Like all presidents, Obama began his tenure with a daunting challenge: a rapid transition from a political campaign to a constant barrage of often intractable, life-and-death decisions. Some were foisted on him by policies already in place; others arose suddenly and unexpectedly. With no experience heading the executive branch, imperfect information, and too little time for reflection, Obama gave orders, all of them filtered through an uncontrollable bureaucracy. Of course he made big mistakes. Little surprise that he regards his second term as an opportunity for course correction, reining in his inner Dick Cheney just as Bush reined in actual Dick Cheney. With time, on-the-job experience, and the benefit of sharp critiques, Obama gained perspective.
Several changes he announced Thursday are implicit admissions to civil libertarians that the critiques they've made and the pressure they exert ought to shape policy going forward. One memorable illustration interrupted the speech itself. As Obama called on Congress to lift restrictions on Gitmo detainee transfers, Code Pink heckler Medea Benjamin drew attention to a fact that Obama himself imposed a moratorium on repatriating detainees already cleared for release to Yemen. He wasn't responding to her interjection when he said, moments later, "I am lifting the moratorium on detainee transfers to Yemen." But those words were part of the prepared text thanks in part to sustained pressure from folks like Benjamin who want to close Gitmo. Implementing a step they've long called for is tantamount to saying, "You're right, I've been an obstacle."
It it critical to understand that without the sustained dissent of Obama Administration critics, Thursday's speech might not have occurred; it certainly would've lacked certain key concessions. Now civil libertarians can cite Obama's words as vindication on matters including these:
- His assertion that drone strikes target only terrorists "who pose a continuing and imminent threat to the American people" doesn't accurately describe the actual behavior of the CIA, assuming any reasonable definition of imminence, but is nevertheless a clear rhetorical concession that it is illegitimate to target with drones people who pose no imminent threat to America.

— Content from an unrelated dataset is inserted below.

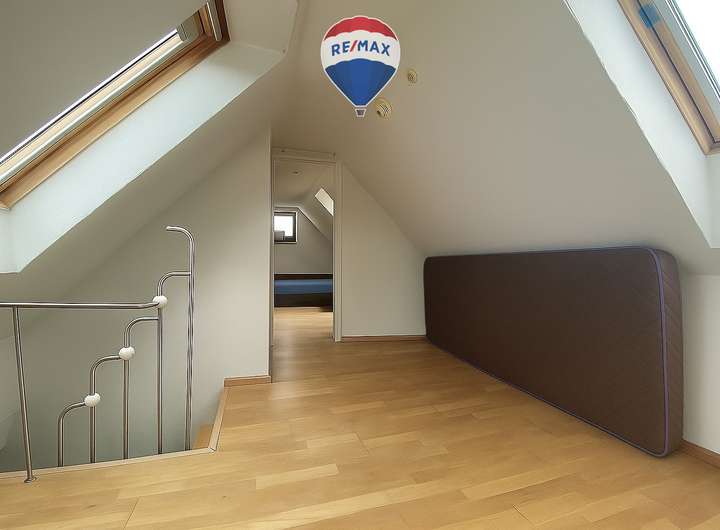 Der Mittelpunkt des ersten Obergeschosses ist die großzügige Küche mit Kochinsel, die durch ihre offene Gestaltung und repräsentative Wirkung sofort beeindruckt. Neben den vier großzügigen Schlafzimmern, lässt sich das Wohnzimmer erweitern, indem die Wand zum angrenzenden Schlafzimmer entfernt wird. Der Spitzboden kann flexibel als Büro, Hobbyraum oder zusätzlicher Stauraum genutzt werden.
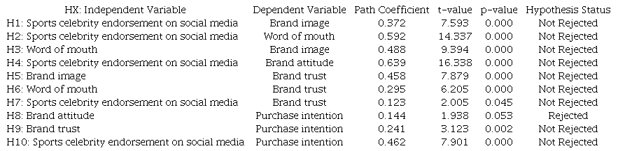 Finally, the positive influence of sports celebrity endorsement via social media on purchase intention has been confirmed, so H10 has been accepted (p<0.01). This assumption is in harmony with the theories proposed by Herjanto et al. (2020) and Febrian and Fadly (2021). This implies that consumers who want to maintain or increase their status are more likely to improve their image by buying brands endorsed by celebrities ( Herjanto et al., 2020).

- His assertion that "there must be near-certainty that no civilians will be killed or injured" in U.S. drone strikes is at odds with the reality of drone policy, given that hundreds of civilians have been killed. It is still an admission that uncertainty about civilian death makes a drone strike illegitimate.
- When Obama states, "I have asked my Administration to review proposals to extend oversight of lethal actions outside of warzones that go beyond our reporting to Congress," he is conceding that present oversight is inadequate and ought to be augmented in some way.
- Obama's statement that "the success of American Muslims, and our determination to guard against any encroachments on their civil liberties, is the ultimate rebuke to those who say we are at war with Islam," strongly suggests that NYPD spying on innocent Muslim Americans, simply due to their religion, has the potential to make us less safe, despite the fact that John Brennan, his top counterterrorism adviser and current CIA director, praised the program.
- Obama mentions the need to put "careful constraints" on the State Secrets doctrine, another step civil libertarians have championed, and calls for the creation of "a strong Privacy and Civil Liberties Board."
- His statement that "journalists should not be at legal risk for doing their jobs" is an apparent rebuke to DOJ's decision to accuse James Rosen of violating the law by soliciting classified information from a government employee.
- Perhaps most importantly, Obama is on record stating that a failure to end the AUMF that provides the legal basis for the War on Terrorism would do damage to America, though he provides no timeline. His unexpected assurance that "I will not sign laws designed to expand this mandate further" is arguably the most important promise that he made in his speech.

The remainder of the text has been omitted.